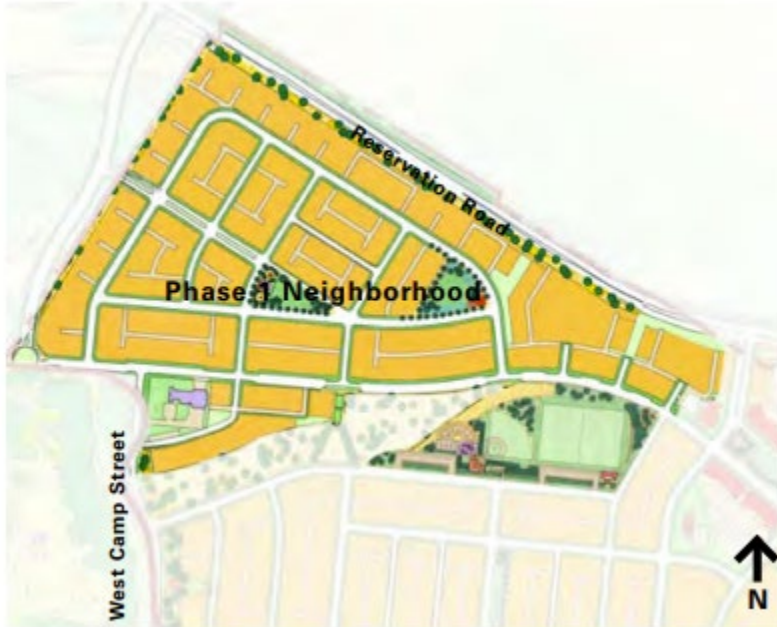
Figure 1. Existing Phase 1
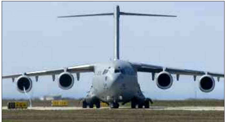
By 2012 eight C-17 Globemaster II aircraft will call WPAFB and the 445th Airlift Wing “home” with the new mission recently announced at the base. The first C-17 is expected to arrive in early 2011 as the 445th prepares for transition from the C-5A Galaxy to its new mission.

oversee our work during the transition period. The Program Integration Office (PIO) will consist of a staff of approximately 10-12 individuals with expertise in operations, maintenance/logistics, facilities, and representation from the Boeing Company. The office will work directly with AFRC, AMC, and our 88th ABW host to smoothly transition our wing from the C-5 to the C-17 mission.
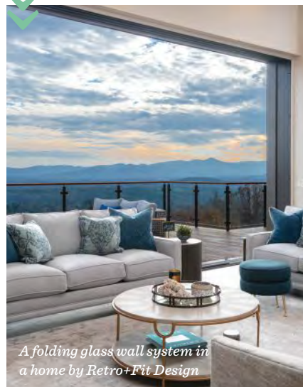
A folding glass wall system in a home by Retro+Fit Design

Flexible doors. Like a retractable wall eliminating the barriers between the indoors and outdoors, floor-to-ceiling bifold or sliding doors add an expansive feeling to any space. This is an ideal way to bring the outdoors in and allow fresh air to circulate.
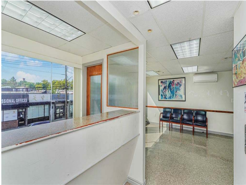
Reception / Patient Waiting Area
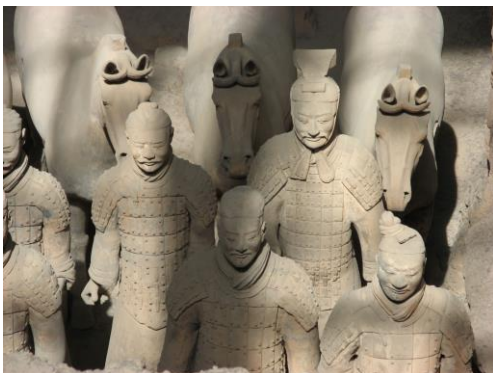
Terracotta Warriors in Xi’an, China
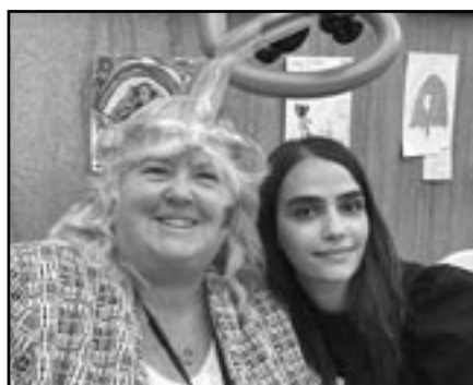
(above) Festivities included a balloon artist; personalized cupcakes; and ice cream, face painting, and friendship-bracelet making stations.
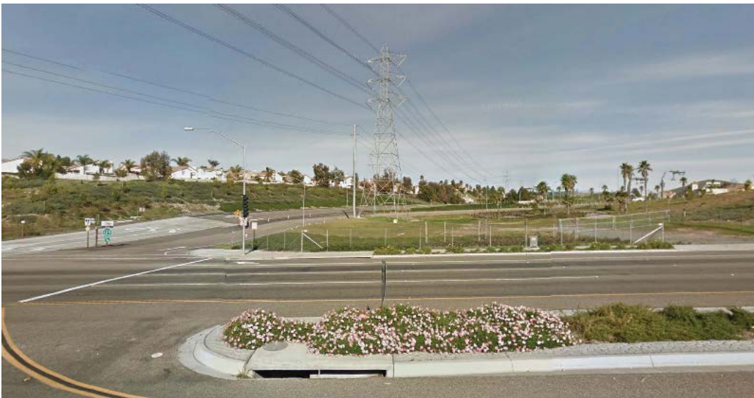
Final Key View 2
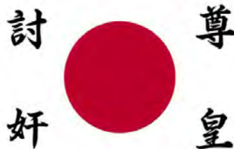
From Japanese history: Flag used by the Righteous Army during the February 26, 1936 coup attempt. The four characters reading "Revere the Emperor, Destroy the Traitors" (尊皇討奸) are placed in the corners of a standard Japanese flag. Photo: Cckerberos / Wikimedia Commons. Public domain image

– In your book, the situation of the believers surrounded on all sides (四面楚歌), is described as "today's non-citizens" (令和の非国民).

---+---

- **What you need to do**
Pictures are to be left out; the answer must otherwise be exactly the lines from the one with "A folding glass" through the final line of the entries above, both included.

- **Exercise response**
A folding glass wall system in a home by Retro+Fit Design

Flexible doors. Like a retractable wall eliminating the barriers between the indoors and outdoors, floor-to-ceiling bifold or sliding doors add an expansive feeling to any space. This is an ideal way to bring the outdoors in and allow fresh air to circulate.
Reception / Patient Waiting Area
Terracotta Warriors in Xi’an, China
(above) Festivities included a balloon artist; personalized cupcakes; and ice cream, face painting, and friendship-bracelet making stations.
Final Key View 2
From Japanese history: Flag used by the Righteous Army during the February 26, 1936 coup attempt. The four characters reading "Revere the Emperor, Destroy the Traitors" (尊皇討奸) are placed in the corners of a standard Japanese flag. Photo: Cckerberos / Wikimedia Commons. Public domain image

– In your book, the situation of the believers surrounded on all sides (四面楚歌), is described as "today's non-citizens" (令和の非国民).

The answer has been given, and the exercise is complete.